The article explains the differences between 27 different types of drills.

They are a time and tool saver when drilling deep holes.
 
I was told that the parabola is the shape of the flute gullet if the drill was sectioned through its axis, this was to better carry waste up the drill, it seems a rational explanation though looking at one makes me think hyperbola as the curve is skewed but I’ve never sectioned a drill!, snapped a few though
Mark
 
I do agree, but snapping is a radial section, splitting right down the middle is an axial section, or at least that’s what I understood of what I was told, seems plausible
Mark
 
I’ve split one down the middle once, my jaw dropped, it must have been some heat treatment fault, I wish I kept it but the rep from the supplier took it mainly because he’d never seen anything like it, it was a spiral fracture that did breach about 2 1/2” up the 1.5” drill, done on an old Elliot 4e drill, amazing sight to be honest, mind the old Elliot court shear a 2” drill like a carrot, not something to mess with, I used to cringe at people holding work to drill, quite a few got injured when it came back around, surprising people don’t think of drills as dangerous machines, the big ones are ruthless
Mark
 
Can a regular twist drill be reground and made into a parabolic drill or is it something about the flute shape?
Are they harder to make or resharpen.
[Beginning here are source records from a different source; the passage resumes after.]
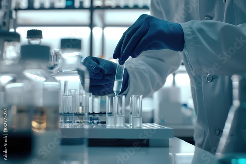 Scientist holding test tubes for test and view of Laboratory equipment microscope
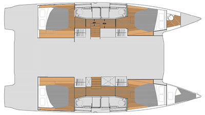 This elegant new catamaran also delivers all-embracing harmony, with an abundance of light, an extensive cockpit opening onto an innovative saloon, together with the largest lounge space of her category, and lots of invisible storage.
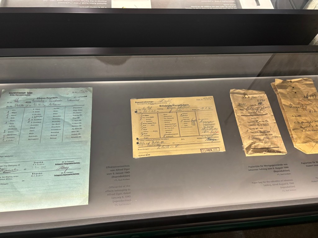 Next, we visited the main administrative building, where the museum portion of the site was held. The building held timelines and artifacts, and I was reminded of a lot of things I already knew, but I also learned some new things, such as the existence of the extension camps scattered around the surrounding areas.

If not why not only make those type.
Bill D
I worked at a screw machine shop making aircraft fittings in the mid 70s. We used to grind regular and fast twist jobber drills on the heel are on Gordon Heaton's drawing the full length of the drill. This sort of approximated the profile of a parabolic drill. It certainly made more room for the chips to get out and for the cutting oil to get in. Not sure why the boss did not buy parabolic drills back then as they were available under a number of different descriptions. EZ Torque or something like that was one.
In theory they should be more fragile as their is less material, in practice they can be fed harder and deeper since there is more room for the chips to get out. This is definitely true on screw machines and CNCs were you can flood the heck out of them and control the feed probably less so on manual machines.
 
Not quite like the mis-use of the term "billet", but you get the drift?

:D

I'm still confused why anybody cares about the mis-use of the word billet. I make Billet parts for the local Harley shop. 'cos that's what they want, that's what their customers want etc etc. They can order as many Billet parts as they want as long as long as they pay in $'s for their parts.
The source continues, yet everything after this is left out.